Ella se fue con el viento
Crónica sobre un episodio de violencia intrafamiliar y el impacto que puede tener en la crianza de los niños. Basada en hechos reales, este texto manifiesta el dolor y el trauma de las niñas y niños que crecen en un entorno de violencia machista.
“No son las contusiones en el cuerpo las que duelen.

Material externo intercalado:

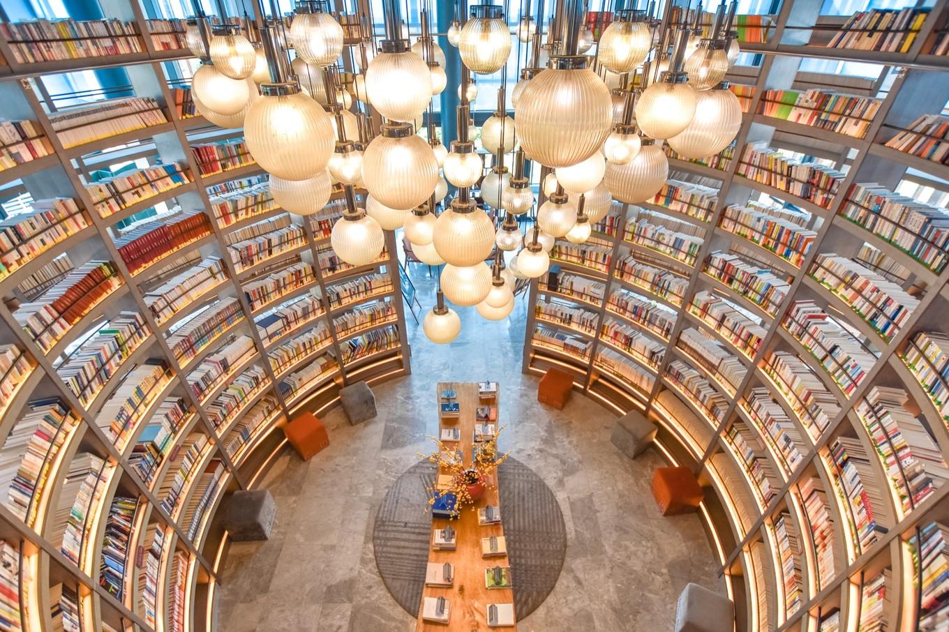 書架中心擺放的木制長桌上也放滿了書籍,頭頂?shù)拇蟮鯚籼峁┝顺渥愕墓饩€。讀書館不定期會有分享會之類的活動(dòng),就是在這個(gè)巨型書架中央舉辦的呢。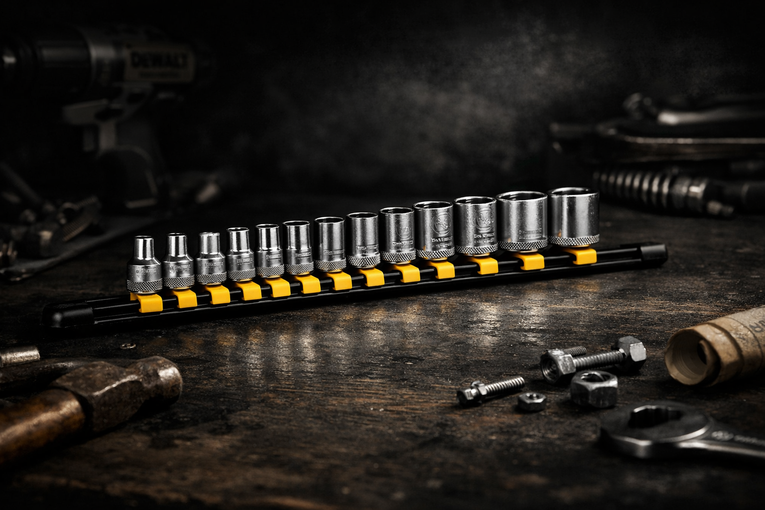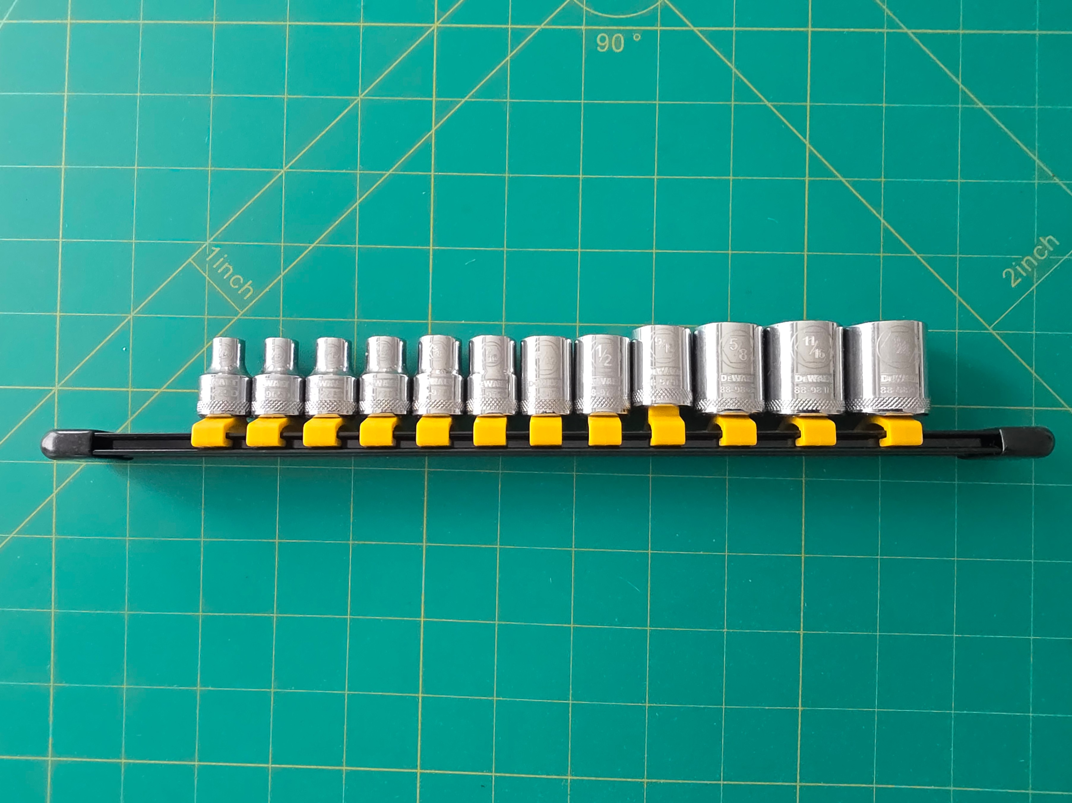 DEWALT 11‑piece SAE socket set, mounted on a locking rail for easy storage. Never used, only opened to verify contents. Perfect for mechanics, DIY, or anyone upgrading their tool kit.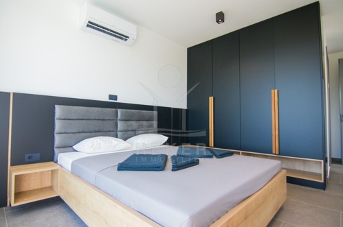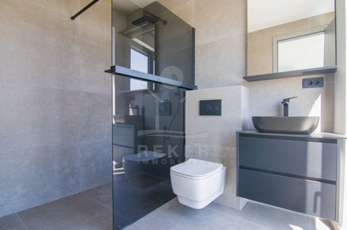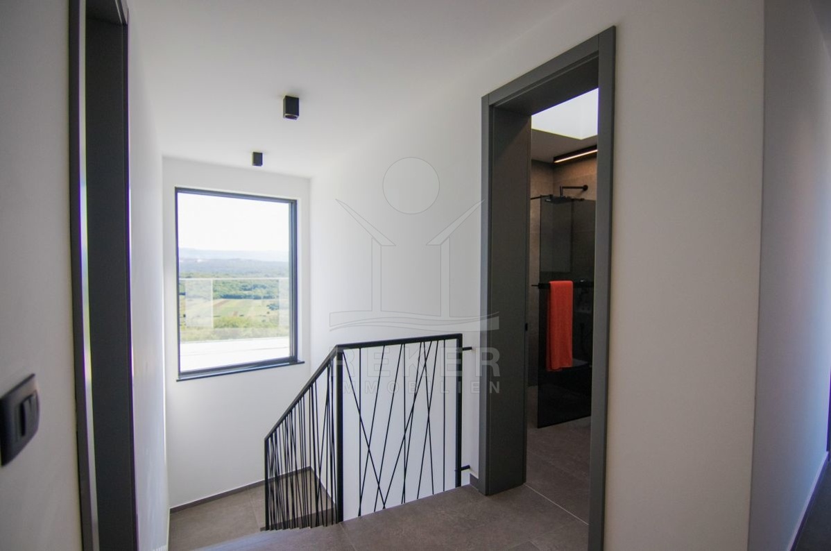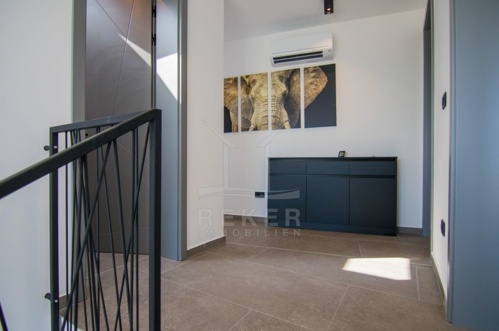 Im Obergeschoss befinden sich vier großzügige Schlafzimmer – jedes mit eigenem Bad und Zugang zur Terrasse. Die Glasbrüstung sorgt für freie Sicht auf das Panorama. Die Ausstattung im ganzen Haus ist hochwertig: Fußbodenheizung über Wärmepumpe, Klimaanlagen in allen Räumen, moderne LED-Spots und viel Tageslicht.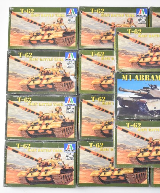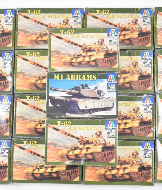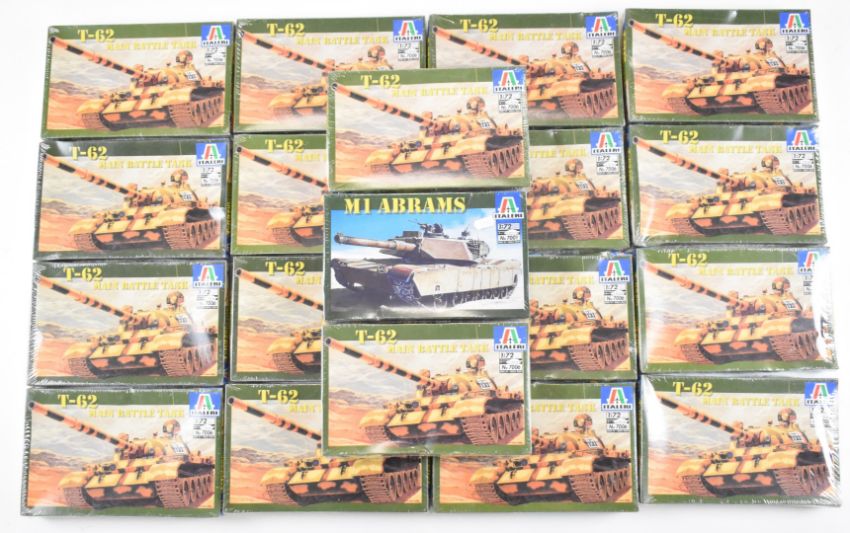 Nineteen Italeri 1:72 scale plastic model tank kits comprising T-62 Main Battle Tank 7006 and M1 Abrams 7001, all in sealed boxes.

Son las heridas del corazón y las cicatrices en la mente.”
Aisha Mirza
Llegó convertido en un demonio. Así lo recuerdan entre sollozos y miradas humedecidas. Se apareció como todas las noches en las que los tragos lo transformaban en el ser más despreciable que pudiese existir sobre la tierra. Golpeando la puerta, aventando palabras hirientes contra todos a su paso. Ella ya sabía lo que tenía que hacer. Tantos años de maltrato la habían convertido en un ser precavido que arrullaba a sus hijos temprano para evitar que ellos pudieran presenciar las discusiones, la violencia. Una vez que sus pequeños yacían dormidos en los petates, ella preparaba todo para no causar molestias al marido que llegaría, además de enojado, hambriento. Los ojos se le hacían largos observando el umbral de su pobre casa, esperando el momento en el que comenzarían a escucharse los pasos, esos pasos que temía y que resonaban en sus oídos amenazantes.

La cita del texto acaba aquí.